Один из них показал на Ляма и сказал, что этот парень может помочь, он знает работу. Подрядчик глянул на Ляма и взял его на месяц, положив неплохое жалованье.
Лям почувствовал себя сразу точно на десятом небе. Кто может теперь с ним сравниться? Кто счастливее его? Здесь он накопит деньжат и отправится искать Петрика, будет рассылать телеграммы… Э, будь Петрик здесь!
Вскоре Лям получил несколько пятиалтынных, но, на свою беду, он не знал, что изголодавшееся тело надо приучать к еде постепенно. Он накупил колбасы, ситного хлеба, овощей, всем этим набил живот и объелся. Боли в желудке на несколько дней отравили ему радость веселого труда.
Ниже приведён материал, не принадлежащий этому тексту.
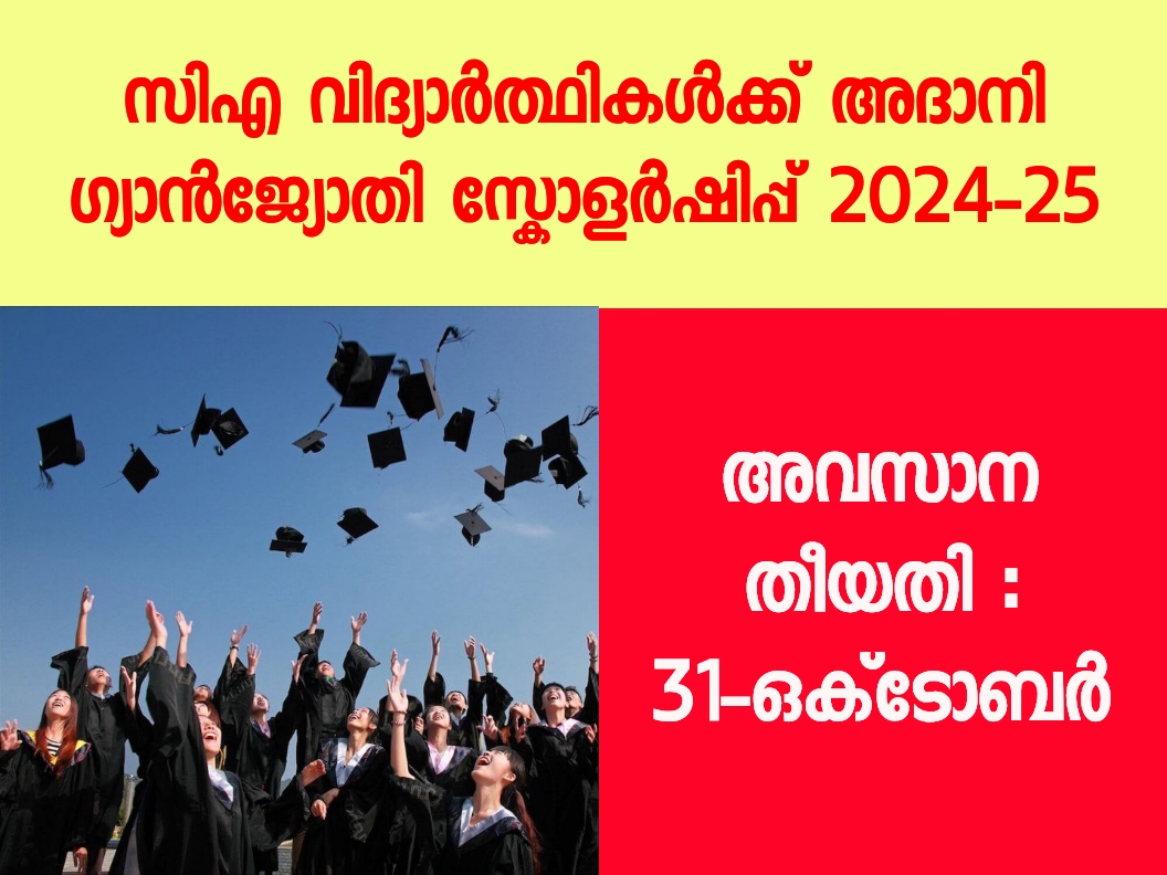 അപേക്ഷകൾ https://www.buddy4study.com/page/adani-gyan-jyoti-scholarship വെബ്സൈറ്റ് വഴി ഓൺലൈൻ ആയി സമർപ്പിക്കാം.
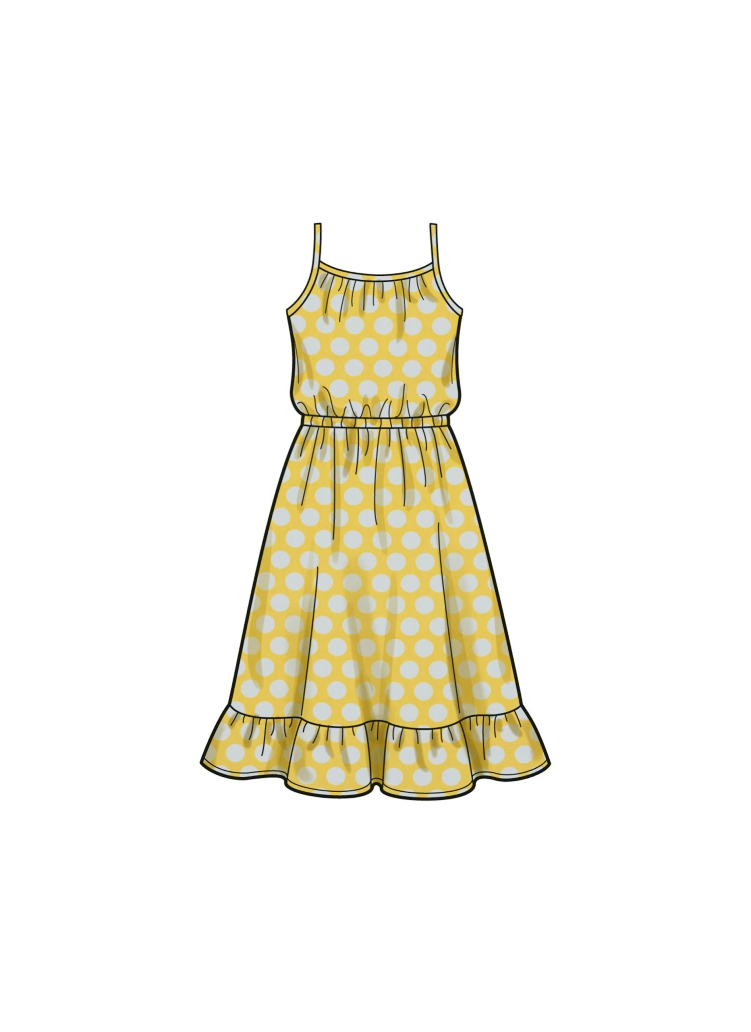 New Look sewing pattern for Create this adorable pull-on jumpsuit with pockets or sundress with bottom ruffle.
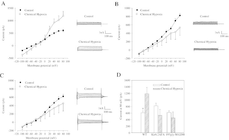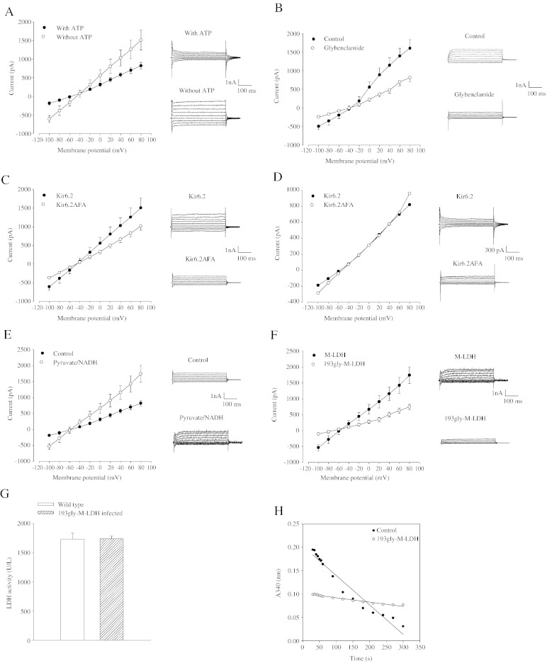 Muscle form of lactate dehydrogenase (M-LDH), a minor LDH form in cardiomyocytes, physically interacts with ATP-sensitive K+ (K ATP) channel-forming subunits. Here, we have shown that expression of 193gly-M-LDH, an inactive mutant of M-LDH, inhibit regulation of the K ATP channels activity by LDH substrates in embryonic rat heart H9C2 cells. In cells expressing 193gly-M-LDH chemical hypoxia has failed to activate K ATP channels. The similar results were obtained in H9C2 cells expressing Kir6.2AFA, a mutant form of Kir6.2 with largely decreased K+ conductance. Kir6.2AFA has slightly, but significantly, reduced cellular survival under chemical hypoxia while the deleterious effect of 193gly-M-LDH was significantly more pronounced. The levels of total and subsarcolemmal ATP in H9C2 cells were not affected by Kir6.2AFA, but the expression of 193gly-M-LDH led to lower levels of subsarcolemmal ATP during chemical hypoxia. We conclude that M-LDH regulates both the channel activity and the levels of subsarcolemmal ATP and that both mechanism contribute to the M-LDH-mediated cytoprotection.
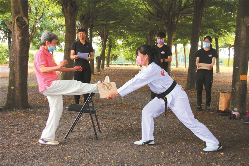 今年暑假,謝瓊儀擔任研究所學妹曾秀娟的助教,指導銀髮族跆拳道。曾秀娟用順口溜,「椅子坐一半,感情才袂散」、「身軀站乎挺,才會顧家庭」,漸進教學,讓長輩不到兩個月就能打拳、前踢、側踢,體會品勢、擊破木板的成就感。

Все же ему было хорошо. Сильно помогла ему горячая баня, и он вскоре поправился. Подрядчик взял его еще на месяц, и Лям смог наконец впервые за все время послать бабушке немного денег.
Лям решил: он подойдет к Риве и пригласит ее в кинематограф. Если Шимельс ее не пустит, Лям будет настаивать. Пусть только попробует не пустить! Лям тогда станет искать организацию; тут, наверное, есть организация, «Союз». Уж они вправят Шимельсу мозги! Риве тоже нужно погулять.
Чета Шимельсов отсутствовала. Дело было в субботу вечером. Рива приступала к ночной работе. Перед ней возвышалась груда скроенных жилеток. Лям вошел, смущенно потоптался на месте, потом наклонился к ней и горячо зашептал:
— Рива, Рива! Я хочу вас пригласить, Рива, да… Пойдемте со мной в кинематограф. Очень прошу вас. Пойдемте!
Лицо у Ривы и без того красное, лишь синяки под глазами; а тут она вся побагровела, кажется, даже глаза стали красными.
За все время Лям еще ни разу не слыхал ее голоса. Он даже поразился: она хрипела, точно горло у нее безнадежно простужено и прокурено дымом.
— Как я могу?! — Она показала на груду жилеток.
— Не говорите так, Рива. Ночью не работают. Он издевается над вами, хозяин душит вас. Как можно допустить! Надо потолковать с другими мастерицами, сопротивляться. Да, да, пойдемте!
Рива не шелохнулась. Ее маленькие пальцы чуть-чуть постукивали по машине. Она смотрела на Ляма, и в ее маленьких глазах стояли слезы. Она покачала головой. Это означало: кто осмелится пойти против Шимельса?
Рива уронила голову на жилетки, плечи ее судорожно задергались. Лям боязливо положил руку ей на голову.
— Давайте, Рива, немного пройдемся!
Жилетница сквозь слезы улыбнулась, накинула на себя жакетку, и они отправились.
Они побывали не только в кино, где оба пламенели от счастья и возбуждения, но завернули еще и в большую чайную «Китай», где взяли «пару чая» с баранками и слушали, как играет большая музыкальная машина.